> _About this exercise_
Only the lines below from the one containing "A UEM solution" through the one containing "Первенство г. Москвы" belong in the answer, set down exactly, with the pictures left out.

> _Supplied material_
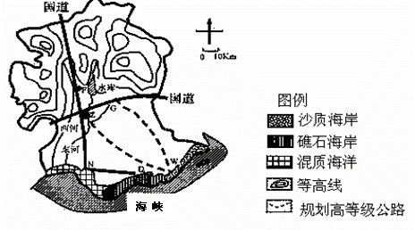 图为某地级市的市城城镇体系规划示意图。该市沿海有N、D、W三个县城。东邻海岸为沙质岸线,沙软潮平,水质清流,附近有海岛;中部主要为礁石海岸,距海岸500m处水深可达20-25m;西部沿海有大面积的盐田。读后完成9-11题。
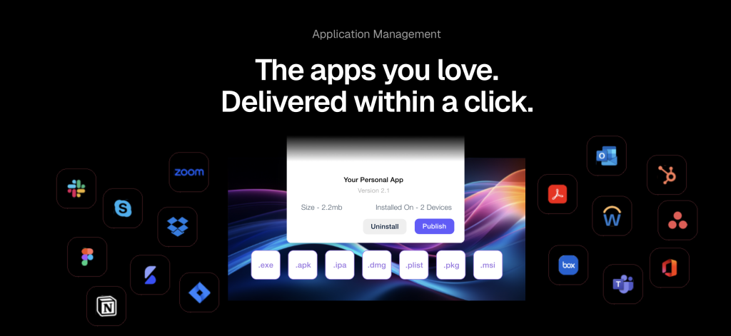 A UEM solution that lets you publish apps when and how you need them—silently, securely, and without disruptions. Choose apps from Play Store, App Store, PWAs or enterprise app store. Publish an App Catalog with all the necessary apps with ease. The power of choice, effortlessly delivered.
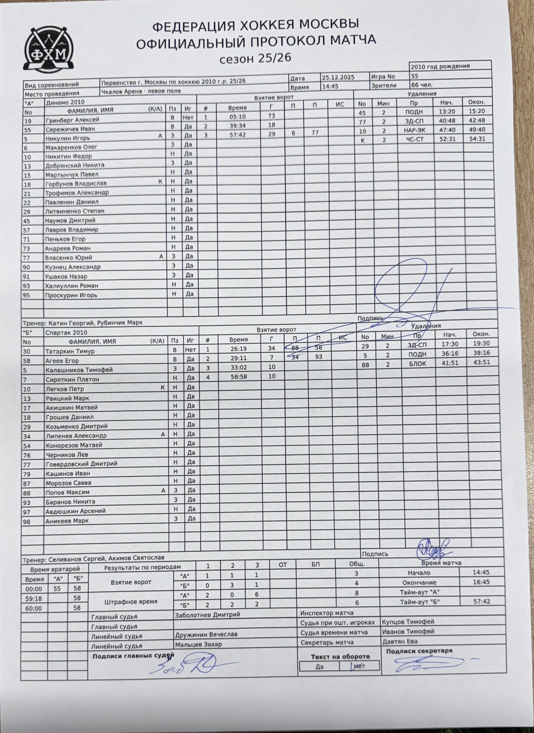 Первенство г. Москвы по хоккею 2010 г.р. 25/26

---

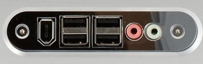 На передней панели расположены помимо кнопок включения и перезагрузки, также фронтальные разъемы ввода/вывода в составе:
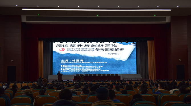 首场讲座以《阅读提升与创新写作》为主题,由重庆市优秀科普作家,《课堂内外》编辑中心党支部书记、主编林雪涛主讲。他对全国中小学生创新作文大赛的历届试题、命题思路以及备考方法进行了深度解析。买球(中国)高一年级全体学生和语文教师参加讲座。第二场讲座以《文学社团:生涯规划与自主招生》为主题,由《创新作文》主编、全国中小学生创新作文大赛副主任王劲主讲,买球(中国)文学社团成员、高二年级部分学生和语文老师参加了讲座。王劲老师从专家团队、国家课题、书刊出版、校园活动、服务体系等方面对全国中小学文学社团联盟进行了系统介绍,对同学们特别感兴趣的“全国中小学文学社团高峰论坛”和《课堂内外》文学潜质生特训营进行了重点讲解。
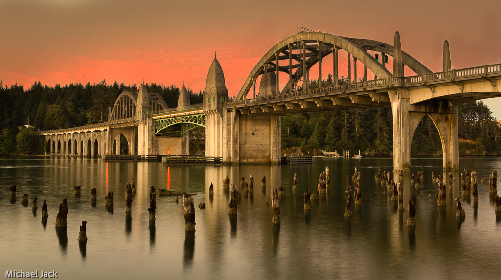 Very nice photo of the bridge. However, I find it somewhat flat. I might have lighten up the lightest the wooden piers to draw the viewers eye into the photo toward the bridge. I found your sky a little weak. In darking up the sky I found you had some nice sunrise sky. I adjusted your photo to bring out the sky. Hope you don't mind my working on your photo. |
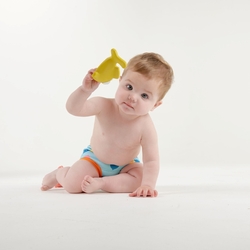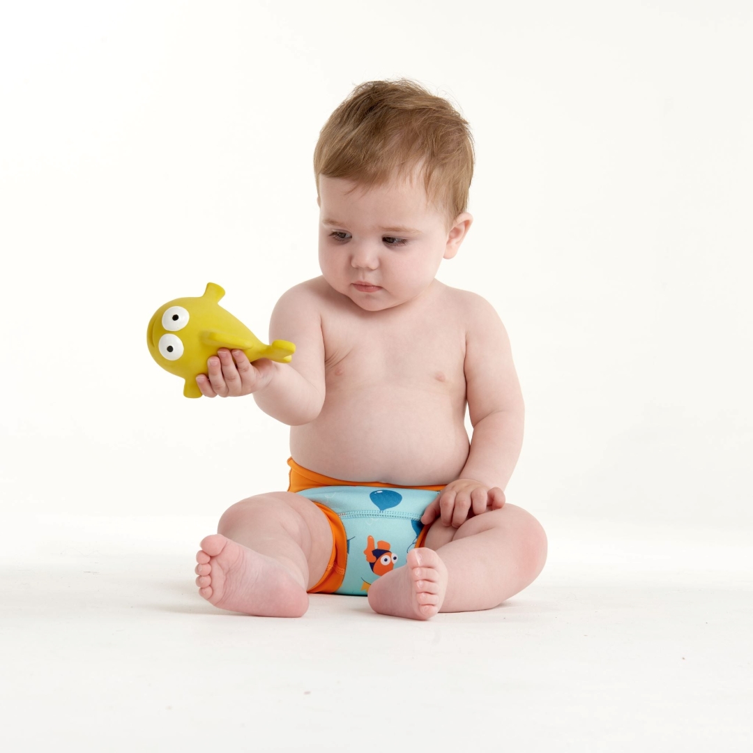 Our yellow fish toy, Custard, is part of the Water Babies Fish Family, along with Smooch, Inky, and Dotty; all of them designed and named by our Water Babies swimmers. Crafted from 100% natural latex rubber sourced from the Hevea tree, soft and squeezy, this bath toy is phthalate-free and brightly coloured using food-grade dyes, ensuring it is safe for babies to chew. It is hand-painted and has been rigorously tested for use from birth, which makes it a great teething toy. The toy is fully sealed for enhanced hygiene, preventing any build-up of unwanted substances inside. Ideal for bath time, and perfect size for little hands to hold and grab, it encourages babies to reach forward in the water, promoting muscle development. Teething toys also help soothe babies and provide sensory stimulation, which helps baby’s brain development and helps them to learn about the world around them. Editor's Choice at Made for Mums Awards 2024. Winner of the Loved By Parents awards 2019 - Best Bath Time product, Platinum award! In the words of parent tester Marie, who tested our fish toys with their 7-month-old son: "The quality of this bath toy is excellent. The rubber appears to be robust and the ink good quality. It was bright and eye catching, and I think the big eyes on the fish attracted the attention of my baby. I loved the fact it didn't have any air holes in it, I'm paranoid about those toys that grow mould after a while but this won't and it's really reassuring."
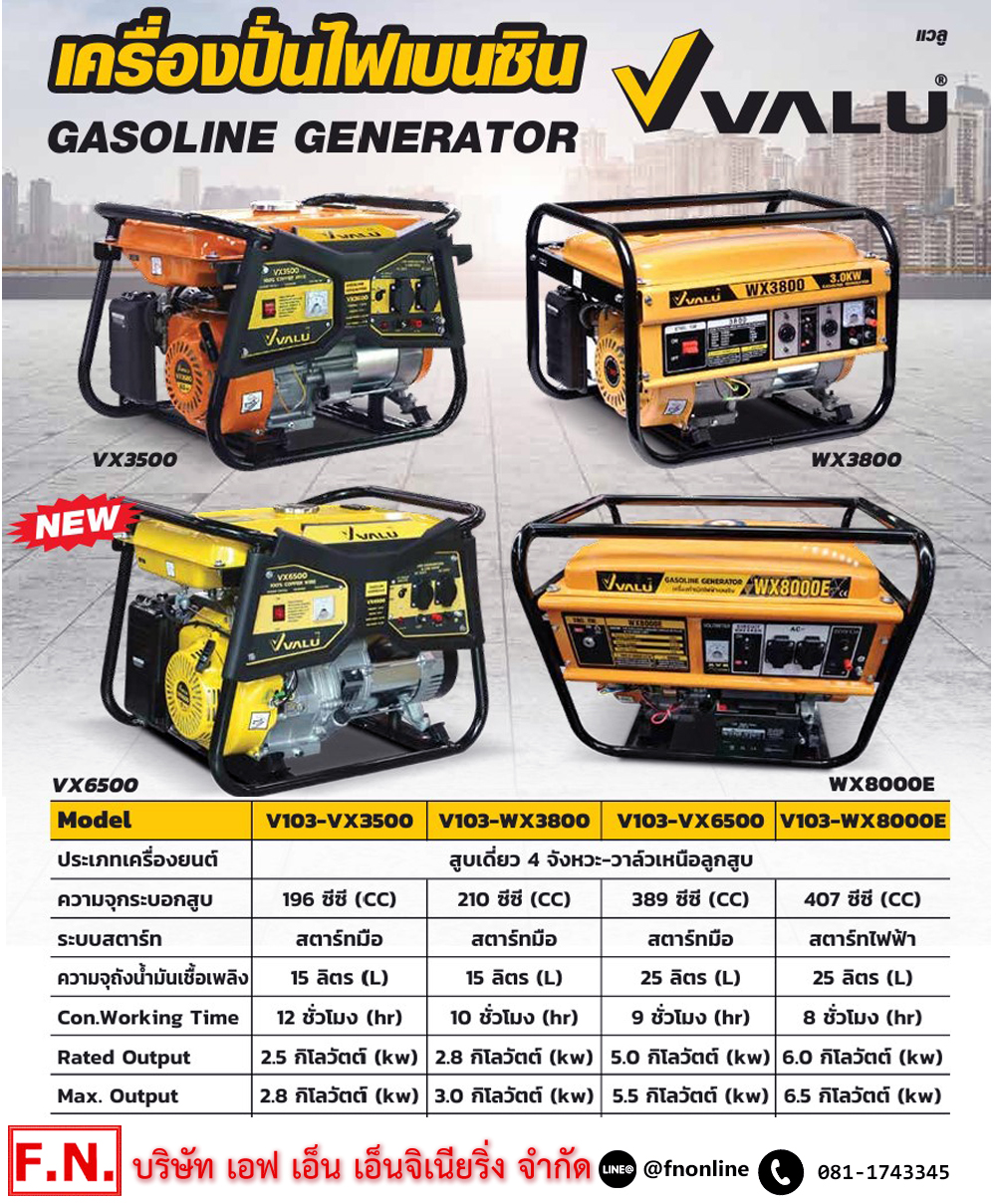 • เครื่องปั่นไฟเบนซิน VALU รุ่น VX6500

> _The completed task_
 A UEM solution that lets you publish apps when and how you need them—silently, securely, and without disruptions. Choose apps from Play Store, App Store, PWAs or enterprise app store. Publish an App Catalog with all the necessary apps with ease. The power of choice, effortlessly delivered.
 Первенство г. Москвы по хоккею 2010 г.р. 25/26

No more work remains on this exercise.